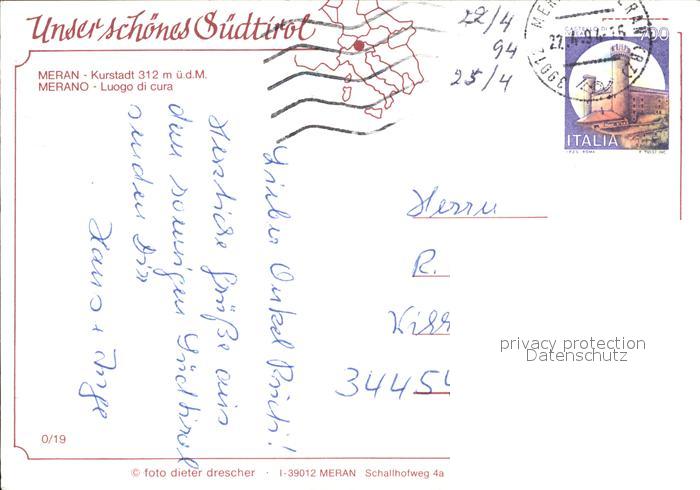 old postcard Merano Meran postalisch gelaufen Erhaltung siehe scans
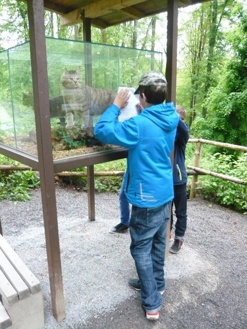 Die Schülerinnen und Schüler besuchten den Wildpark Klaushof in der Nähe von Bad Kissingen. Bei einer interessanten und abwechslungsreichen Führung beobachteten die Kinder die Wildkatzen in ihrem Gehege aus der Nähe und sahen zu, wie der Tierpfleger sie fütterte. Anschließend gingen sie auf dem Wildkatzenlehrpfad allen ihren Fragen über Wildkatzen auf den Grund:
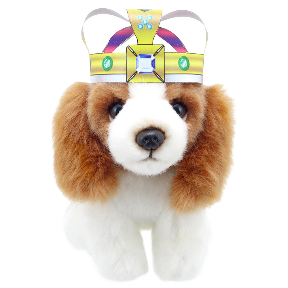 To Celebrate the King's upcoming Coronation, we have designed a beautiful crown for you to print and cut out at home to add a little Royal flair to your King Charles Spaniel Soft Toys (or any soft toy for that matter!)
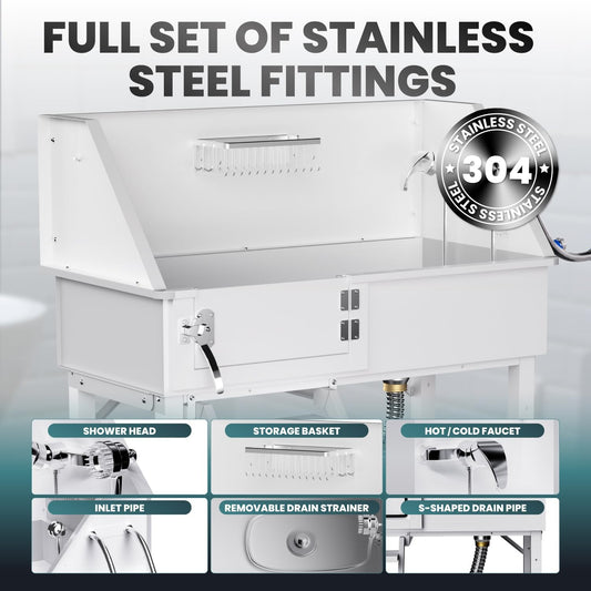 Professional 46" Dog Washing Station, Stainless Steel Dog Bathing Station, Height Adjustable Dog Wash Station, Storage Drawer, Upgrade Parts, Home, Commercial (Right Step)
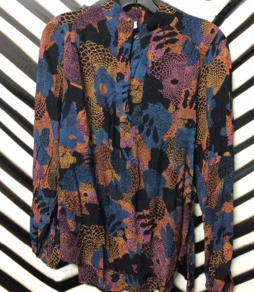 SHEER V NECK SHIRT W/ASIAN FLORAL PRINT
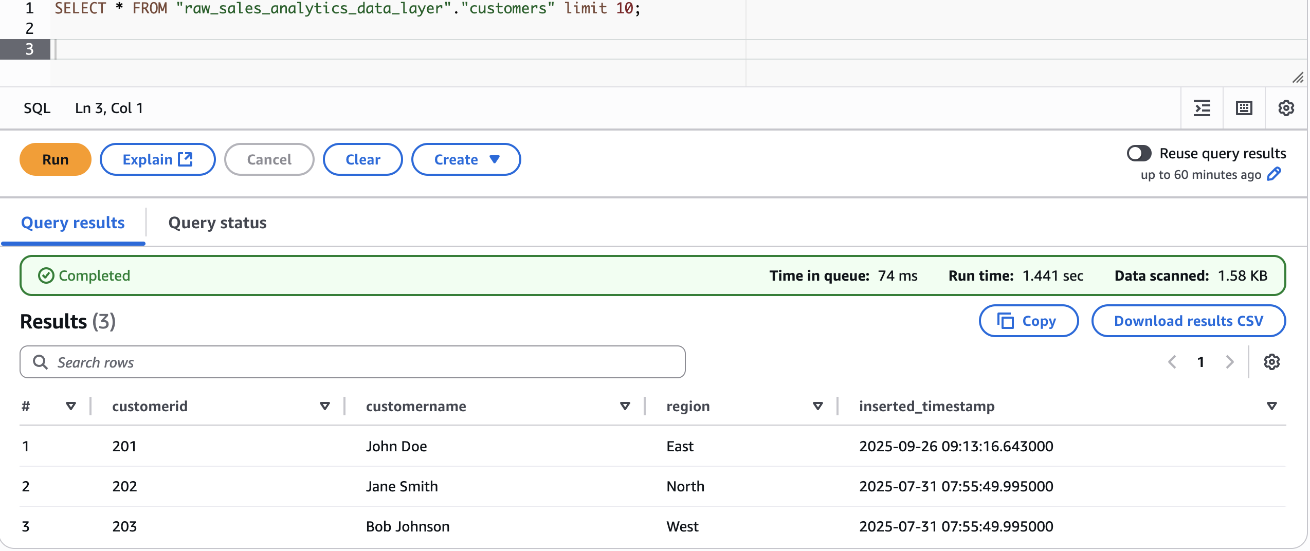 In this step, we create a dedicated database for our raw data and set up tables for customers, products, and sales using Amazon Athena. These tables are configured to use the Iceberg table format and are compressed using the ZSTD algorithm to optimize storage. The LOCATION property specifies where the data will be stored in Amazon S3 so that data is organized and accessible.

WHAT IS NEEDED - Please write out the material from the line containing "SHEER V NECK SHIRT W/ASIAN FLORAL PRINT" to its final line, both inclusive, exactly as it appears; pictures are not part of the copy.

ANSWER -
 SHEER V NECK SHIRT W/ASIAN FLORAL PRINT
 In this step, we create a dedicated database for our raw data and set up tables for customers, products, and sales using Amazon Athena. These tables are configured to use the Iceberg table format and are compressed using the ZSTD algorithm to optimize storage. The LOCATION property specifies where the data will be stored in Amazon S3 so that data is organized and accessible.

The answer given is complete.